ABOUT THIS EXERCISE: Transcribe the entries below exactly, starting with the line that has "ATENTIE : Imaginea" and stopping after the line that has "BMW is finally"; no pictures belong in the copy.

*** Opening of DATASET ENTRIES ***

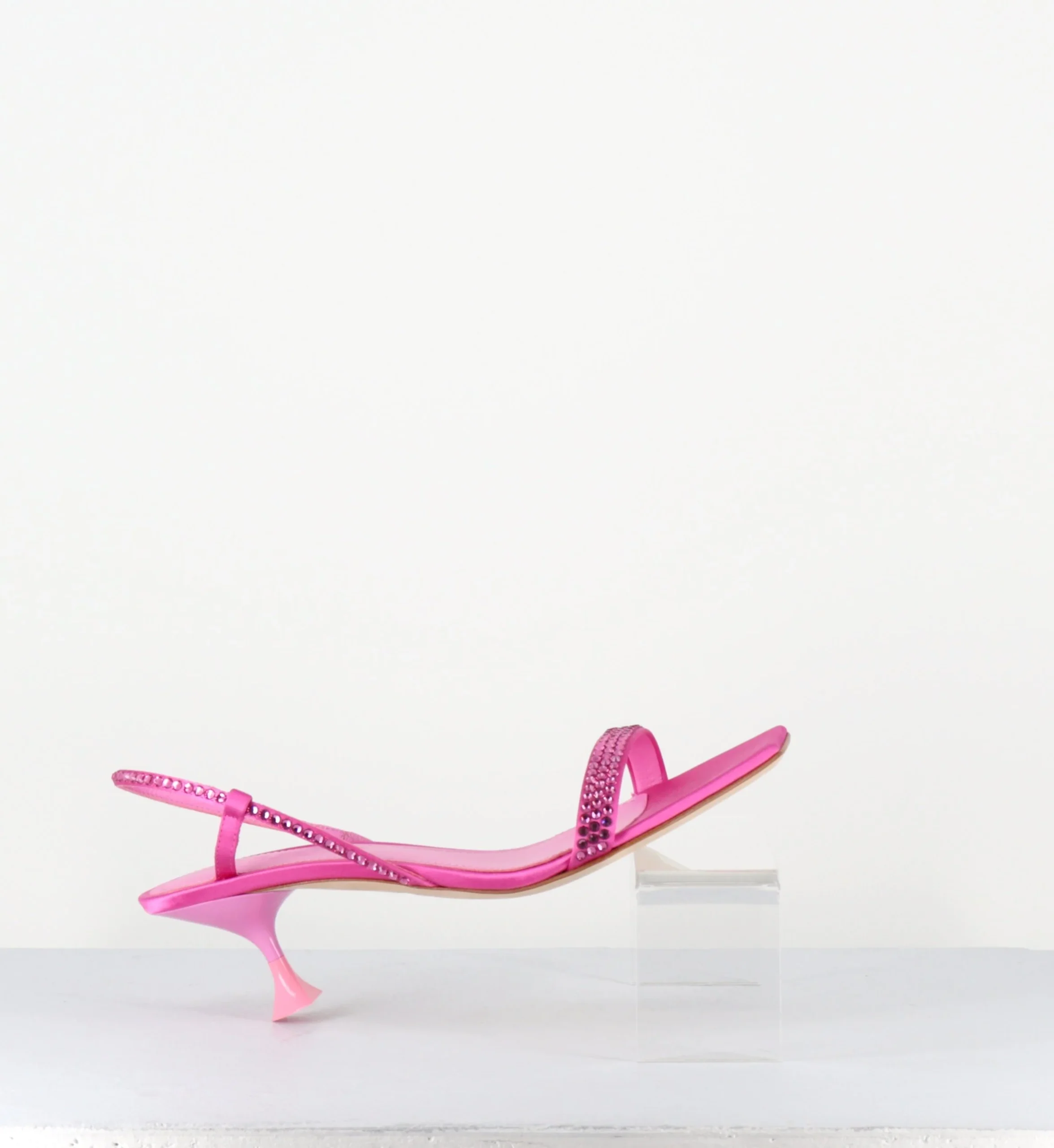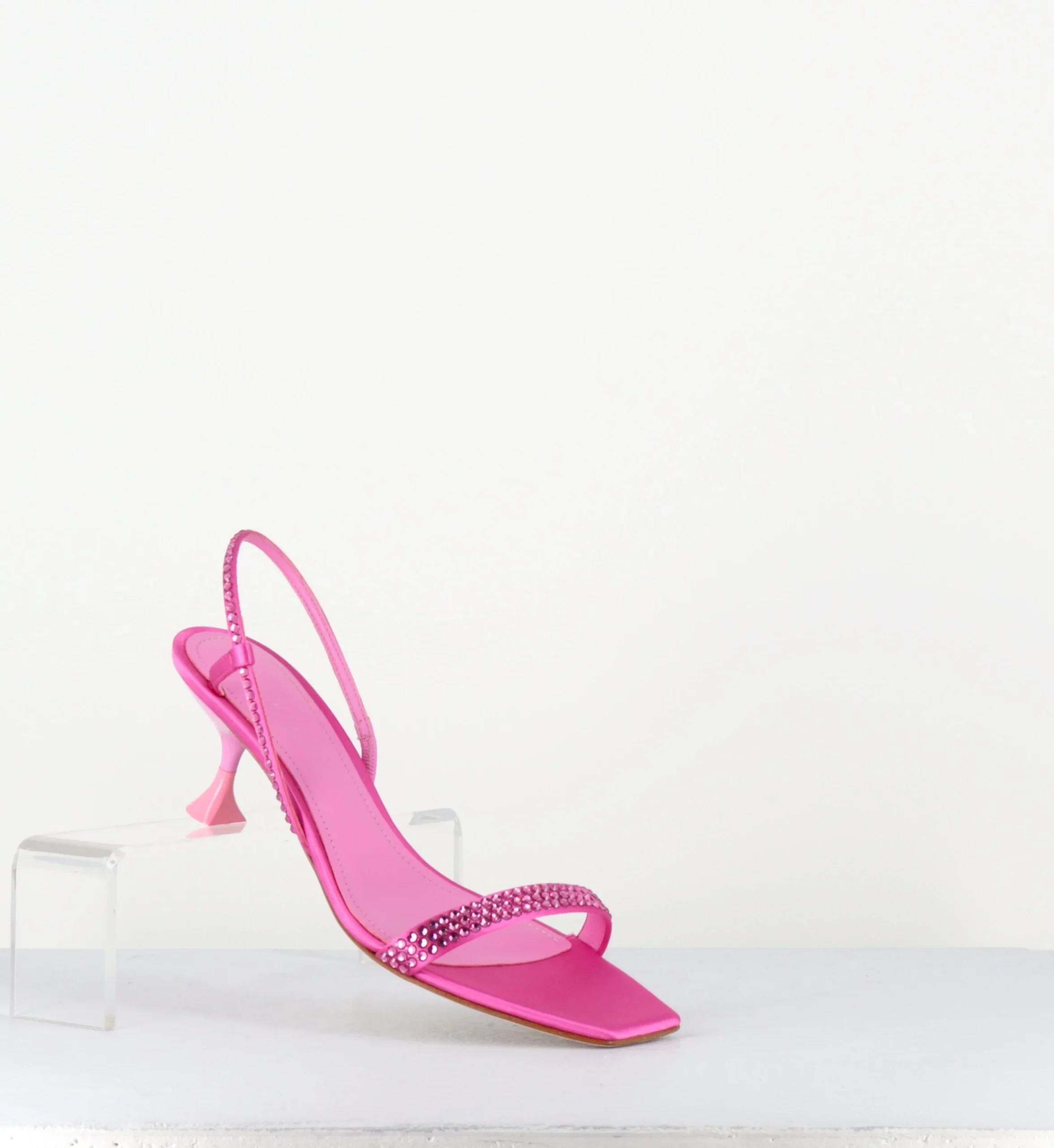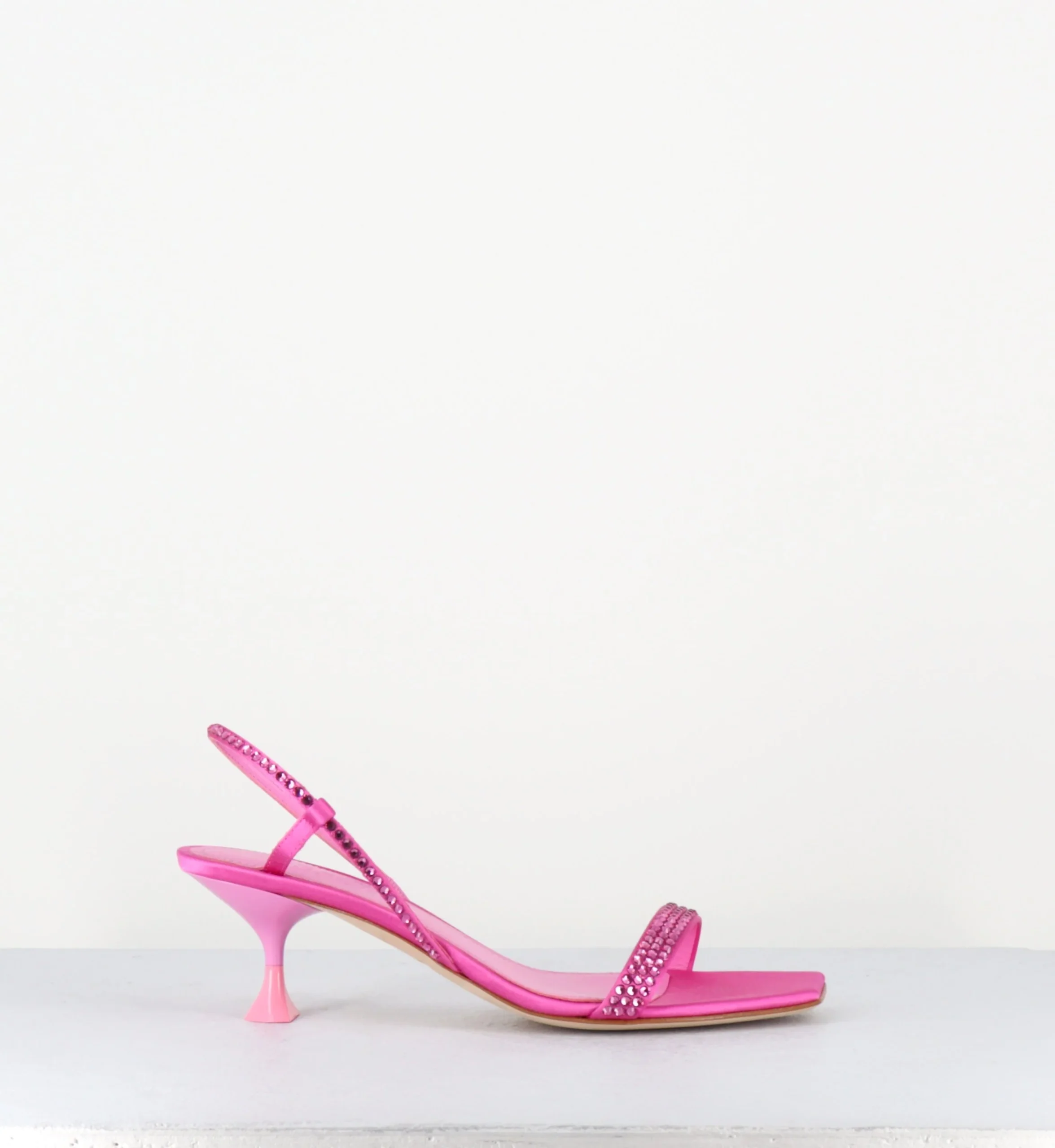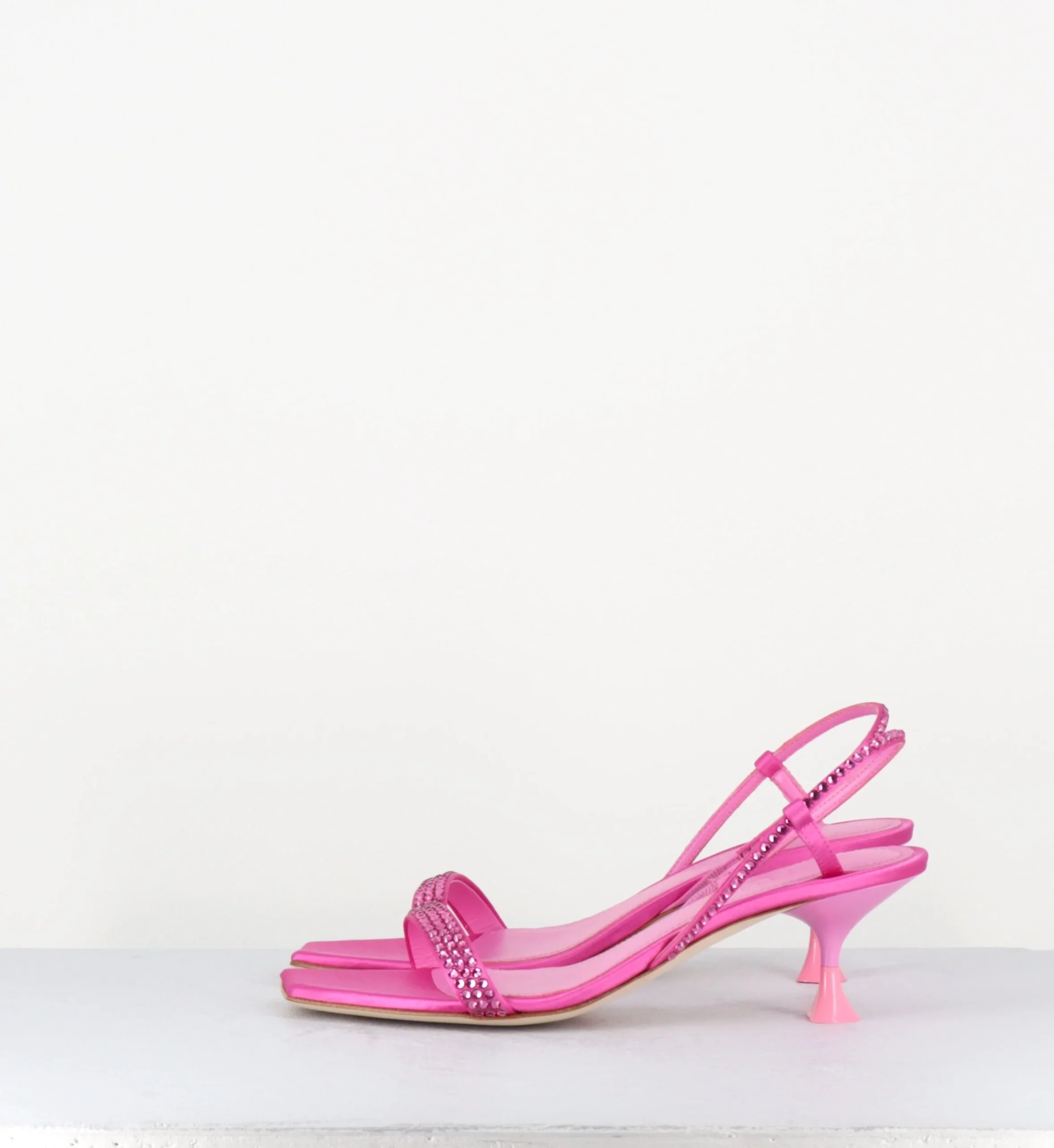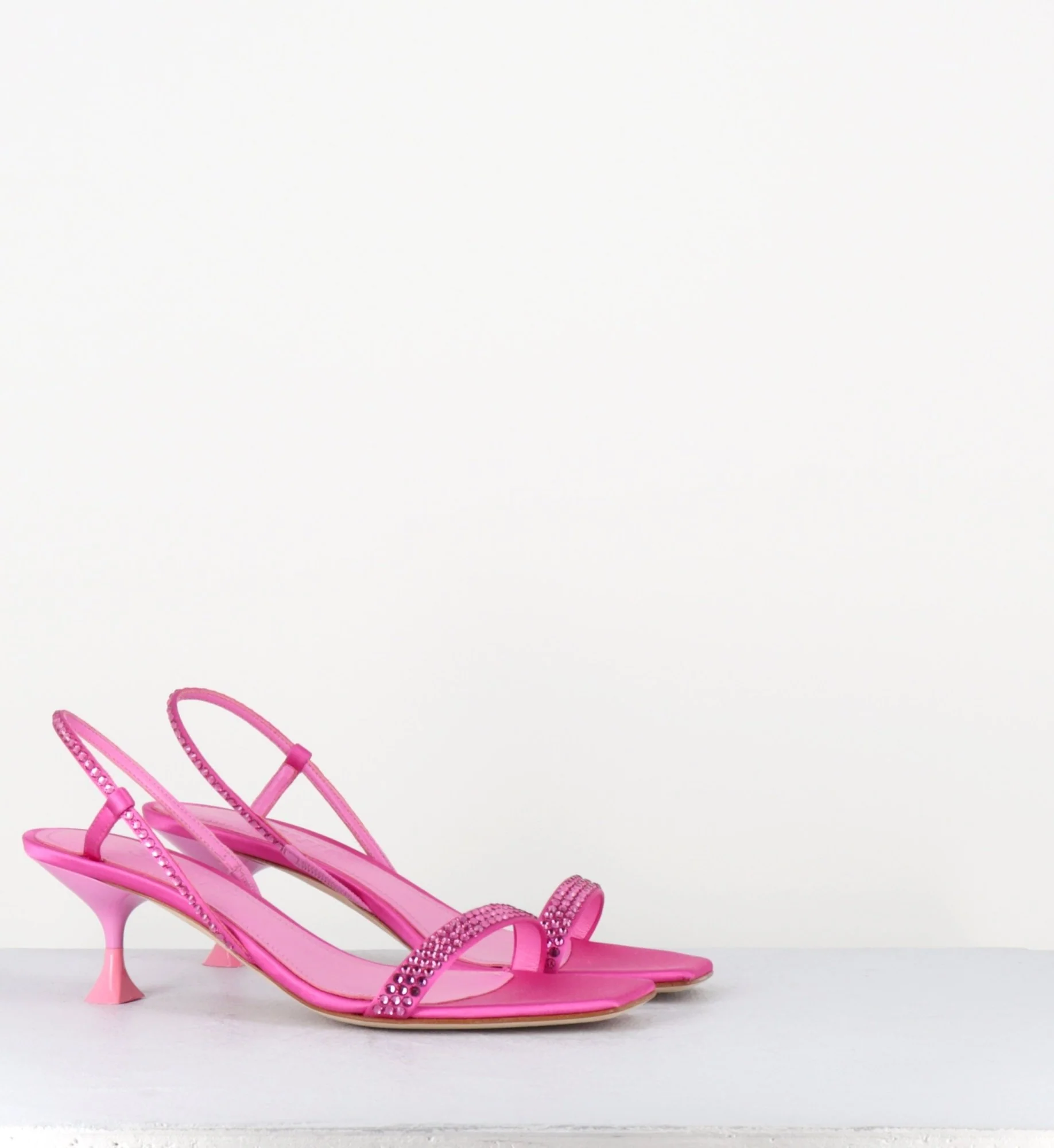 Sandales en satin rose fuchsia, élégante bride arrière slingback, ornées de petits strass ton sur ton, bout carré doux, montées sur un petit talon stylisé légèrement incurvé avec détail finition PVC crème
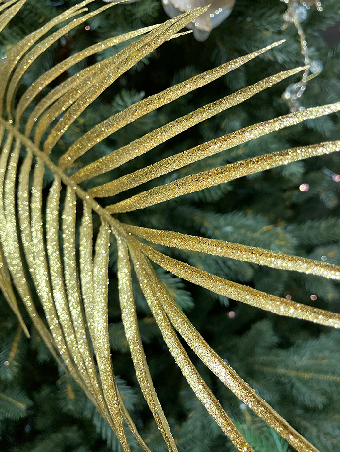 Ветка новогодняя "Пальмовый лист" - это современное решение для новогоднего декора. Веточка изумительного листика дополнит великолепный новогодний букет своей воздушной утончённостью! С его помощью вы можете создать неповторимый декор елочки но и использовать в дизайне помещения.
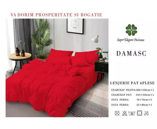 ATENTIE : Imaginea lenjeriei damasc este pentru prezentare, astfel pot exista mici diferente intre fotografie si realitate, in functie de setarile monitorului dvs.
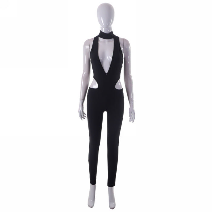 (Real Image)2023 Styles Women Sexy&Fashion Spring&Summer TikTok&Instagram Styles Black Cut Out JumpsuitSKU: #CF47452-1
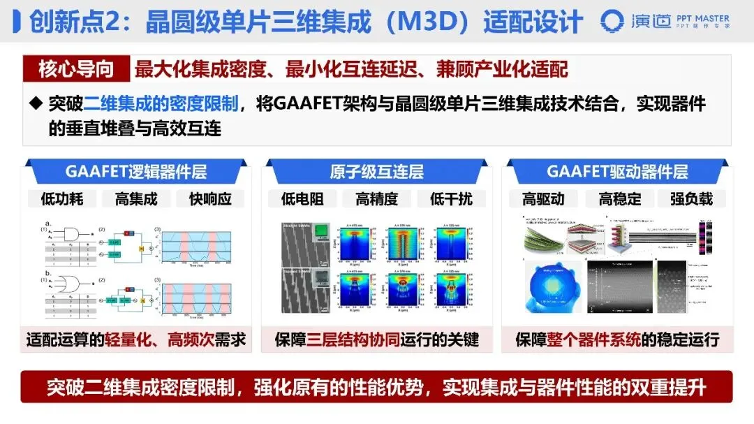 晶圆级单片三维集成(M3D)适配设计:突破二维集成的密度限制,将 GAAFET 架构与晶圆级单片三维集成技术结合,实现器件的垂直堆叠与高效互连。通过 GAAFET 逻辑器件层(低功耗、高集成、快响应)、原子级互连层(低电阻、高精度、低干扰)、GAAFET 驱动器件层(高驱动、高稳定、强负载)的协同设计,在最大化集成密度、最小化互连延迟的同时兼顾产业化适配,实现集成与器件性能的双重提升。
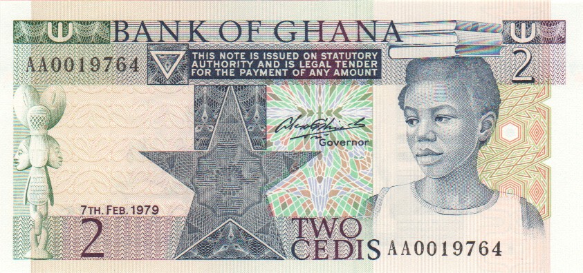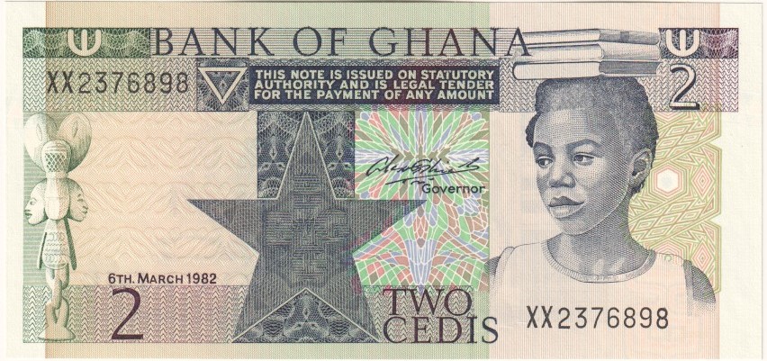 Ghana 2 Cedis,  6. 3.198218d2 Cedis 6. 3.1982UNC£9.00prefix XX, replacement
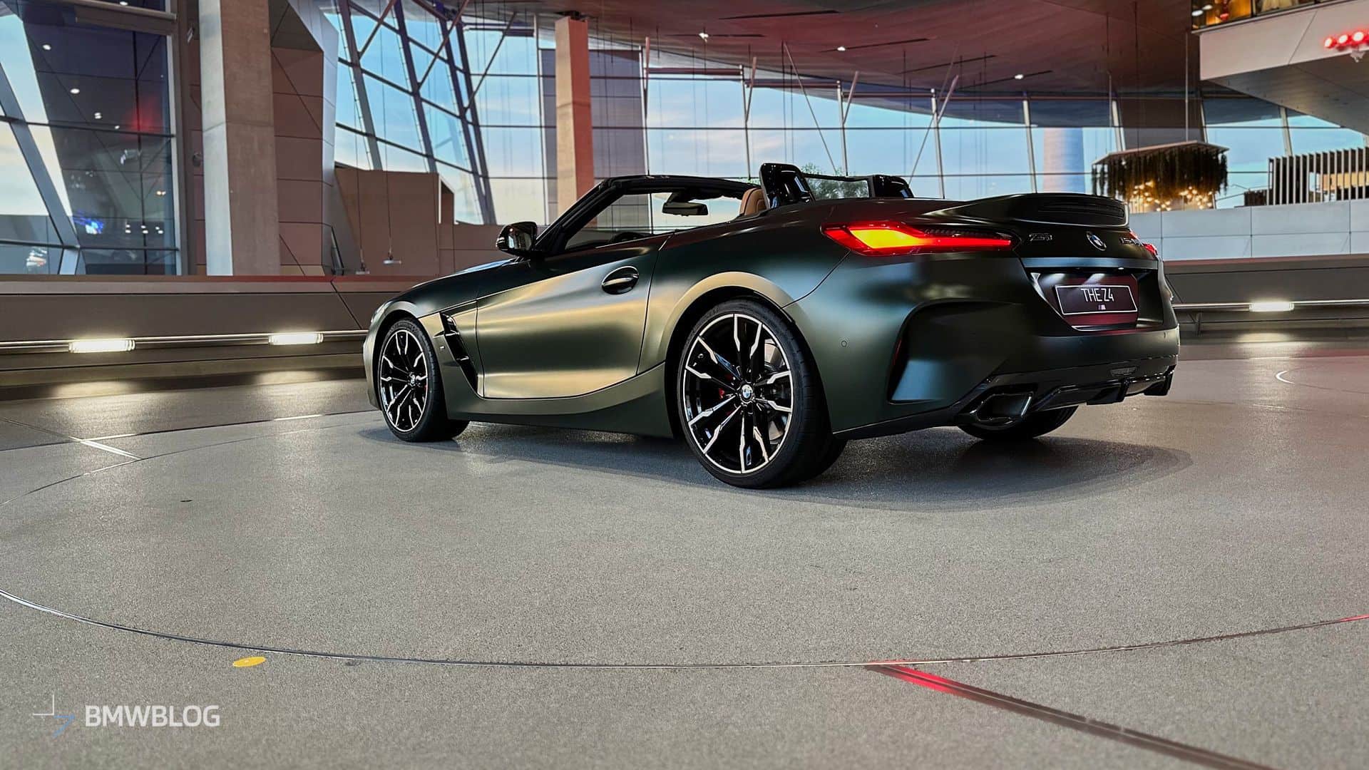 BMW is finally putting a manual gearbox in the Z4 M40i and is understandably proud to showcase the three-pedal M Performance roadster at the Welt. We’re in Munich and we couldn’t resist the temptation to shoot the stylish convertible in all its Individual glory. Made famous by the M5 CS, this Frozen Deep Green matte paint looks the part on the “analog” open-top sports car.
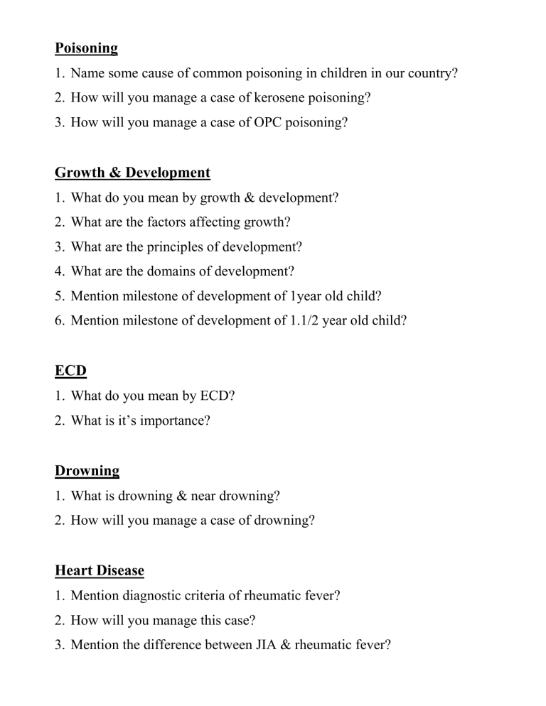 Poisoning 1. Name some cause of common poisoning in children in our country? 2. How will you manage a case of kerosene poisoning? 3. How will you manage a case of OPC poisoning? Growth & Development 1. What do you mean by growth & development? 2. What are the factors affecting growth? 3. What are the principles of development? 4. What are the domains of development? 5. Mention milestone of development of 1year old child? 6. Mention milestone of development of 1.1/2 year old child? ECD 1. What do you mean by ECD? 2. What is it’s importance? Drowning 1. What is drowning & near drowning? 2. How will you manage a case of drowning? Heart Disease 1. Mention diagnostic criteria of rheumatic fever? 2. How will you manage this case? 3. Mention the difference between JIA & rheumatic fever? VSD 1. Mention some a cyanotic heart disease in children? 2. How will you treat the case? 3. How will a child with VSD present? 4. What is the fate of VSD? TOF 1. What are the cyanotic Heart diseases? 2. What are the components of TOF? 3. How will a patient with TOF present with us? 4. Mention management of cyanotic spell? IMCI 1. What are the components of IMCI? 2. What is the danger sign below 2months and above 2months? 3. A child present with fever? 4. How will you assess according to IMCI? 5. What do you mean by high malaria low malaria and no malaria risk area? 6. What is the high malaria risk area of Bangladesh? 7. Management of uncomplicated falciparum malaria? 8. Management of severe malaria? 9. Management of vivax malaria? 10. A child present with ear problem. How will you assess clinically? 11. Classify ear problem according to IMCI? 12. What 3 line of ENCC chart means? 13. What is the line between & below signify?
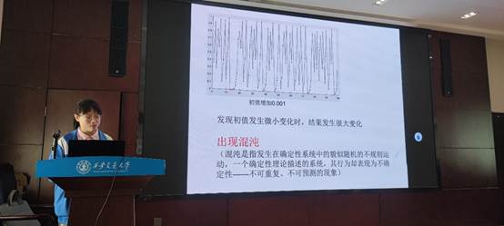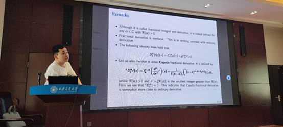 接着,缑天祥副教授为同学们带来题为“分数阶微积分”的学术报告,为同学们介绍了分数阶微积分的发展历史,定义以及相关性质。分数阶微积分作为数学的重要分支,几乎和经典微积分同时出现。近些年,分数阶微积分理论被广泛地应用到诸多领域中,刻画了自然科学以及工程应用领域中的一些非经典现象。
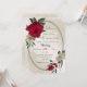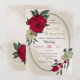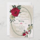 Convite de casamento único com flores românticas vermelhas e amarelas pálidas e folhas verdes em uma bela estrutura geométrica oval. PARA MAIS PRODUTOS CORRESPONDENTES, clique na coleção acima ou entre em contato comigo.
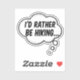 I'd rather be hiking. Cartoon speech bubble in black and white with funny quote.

*** Close of DATASET ENTRIES ***

OUTPUT OF THE TASK:
 ATENTIE : Imaginea lenjeriei damasc este pentru prezentare, astfel pot exista mici diferente intre fotografie si realitate, in functie de setarile monitorului dvs.
 (Real Image)2023 Styles Women Sexy&Fashion Spring&Summer TikTok&Instagram Styles Black Cut Out JumpsuitSKU: #CF47452-1
 晶圆级单片三维集成(M3D)适配设计:突破二维集成的密度限制,将 GAAFET 架构与晶圆级单片三维集成技术结合,实现器件的垂直堆叠与高效互连。通过 GAAFET 逻辑器件层(低功耗、高集成、快响应)、原子级互连层(低电阻、高精度、低干扰)、GAAFET 驱动器件层(高驱动、高稳定、强负载)的协同设计,在最大化集成密度、最小化互连延迟的同时兼顾产业化适配,实现集成与器件性能的双重提升。
 Ghana 2 Cedis,  6. 3.198218d2 Cedis 6. 3.1982UNC£9.00prefix XX, replacement
 BMW is finally putting a manual gearbox in the Z4 M40i and is understandably proud to showcase the three-pedal M Performance roadster at the Welt. We’re in Munich and we couldn’t resist the temptation to shoot the stylish convertible in all its Individual glory. Made famous by the M5 CS, this Frozen Deep Green matte paint looks the part on the “analog” open-top sports car.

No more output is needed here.